The differential diagnosis includes other forms of EB. In the neonatal period also herpes simplex infection, congenital erosive and vesicular dermatosis, epidermolytic ichthyosis, bullous pemphigoid, neonatal pemphigus and pemphigoid gestationis, and staphylococcal scalded skin syndrome (see these terms) may need to be considered.

Antenatal diagnosis

DNA-based prenatal diagnosis is possible for at risk pregnancies.

Genetic counseling

Transmission is autosomal recessive.

Management and treatment

Protective padding of the skin reduces the blistering and careful wound care helps in preventing secondary infections. Hand and foot deformities can be treated by surgery. Due to recurrence, regular physiotherapy is necessary to maintain intraoperative results, but additional treatments are always required.
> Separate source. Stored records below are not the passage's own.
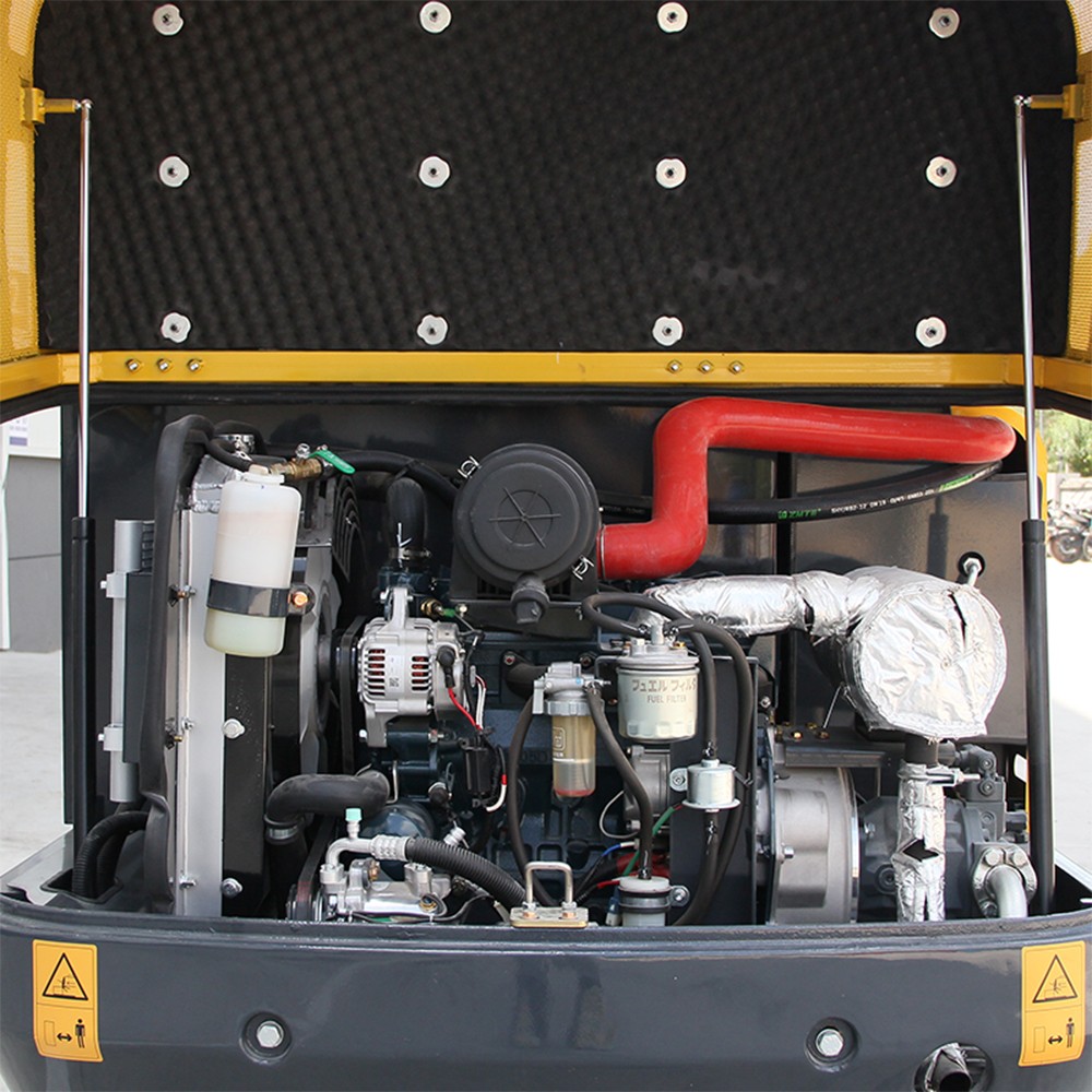 The excavator excels in greenhouse, indoor landscaping, orchard work, trenching, tree planting, and utility installations. Operators can master controls within minutes. All attachment points feature galvanized pins for rust resistance and wear-resistant bushings for durability.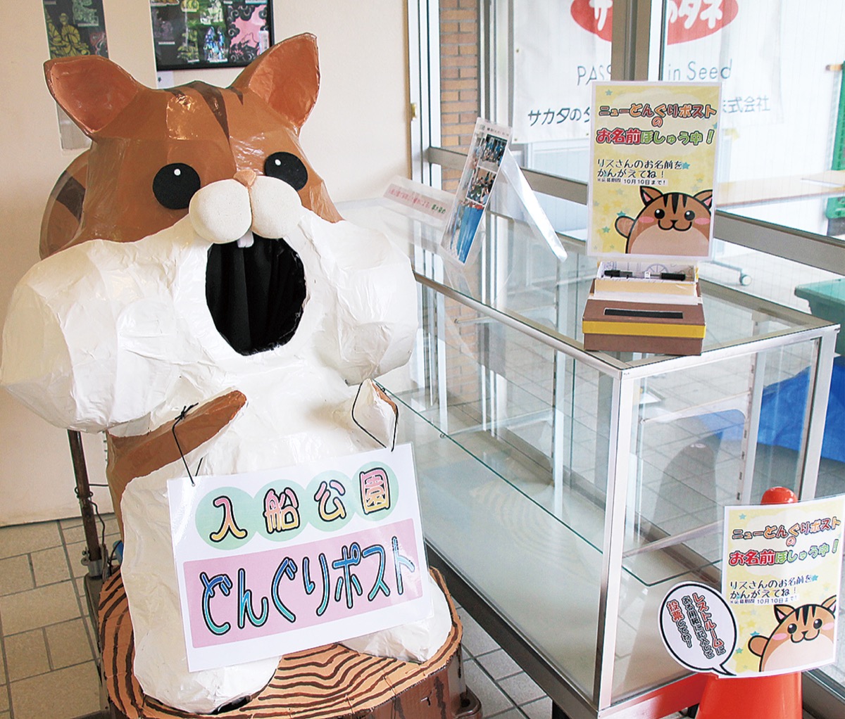 入船公園=弁天町=が9月26日、リスをモチーフにした新しいどんぐりポストをお披露目した。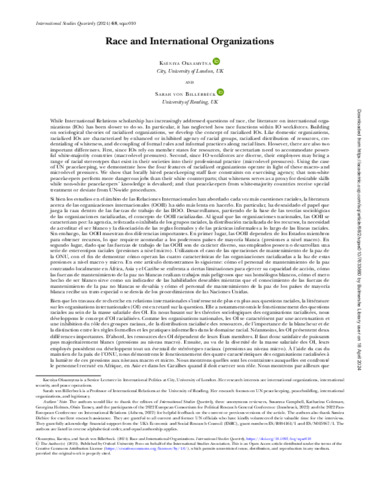While International Relations scholarship has increasingly addressed questions of race, the literature on international organizations (IOs) has been slower to do so. In particular, it has neglected how race functions within IO workforces. Building on sociological theories of racialized organizations, we develop the concept of racialized IOs. Like domestic organizations, IOs are characterized by enhanced or inhibited agency of racial groups, racialized distribution of resources, credentialing of whiteness, and decoupling of formal rules and informal practices along racial lines. However, IOs display two important differences. First, IOs rely on member states for resources, which requires accommodating powerful white-majority countries (macro-level pressures). Second, since IO workforces are diverse, their employees possess or develop a range of racial stereotypes (micro-level pressures). Using the case of UN peacekeeping, we demonstrate how the four features of racialized organizations operate in light of these macro- and micro-level pressures. We show how locally-hired peacekeeping staff in Africa, Asia, and the Caribbean face constraints on exercising agency; how non-white peacekeepers perform more dangerous jobs than their white counterparts; how whiteness serves as a proxy for desirable skills, while non-white peacekeepers’ knowledge is devalued; and how peacekeepers from white-majority countries receive special treatment or deviate from UN-wide procedures.

Follow-up by a dietitian is essential and gastrostomy feeding may be necessary in patients unable to maintain adequate nutrition. Esophageal strictures are treated by balloon dilatation with fluoroscopic guidance. Transfusions, iron supplementation, and erythropoietin administration improve anemia and iron deficiency. A regular follow-up is necessary for the surveillance of SCC, whose treatment is surgical.

Prognosis

Life expectancy is significantly reduced, mostly due to the development of aggressive SCC with frequent metastases. Mortality from metastatic SCC within five years of the time of diagnosis of the first SCC is of 87% by age 45. Other complications that affect the prognosis include chronic renal failure, and more rarely, dilated cardiomyopathy.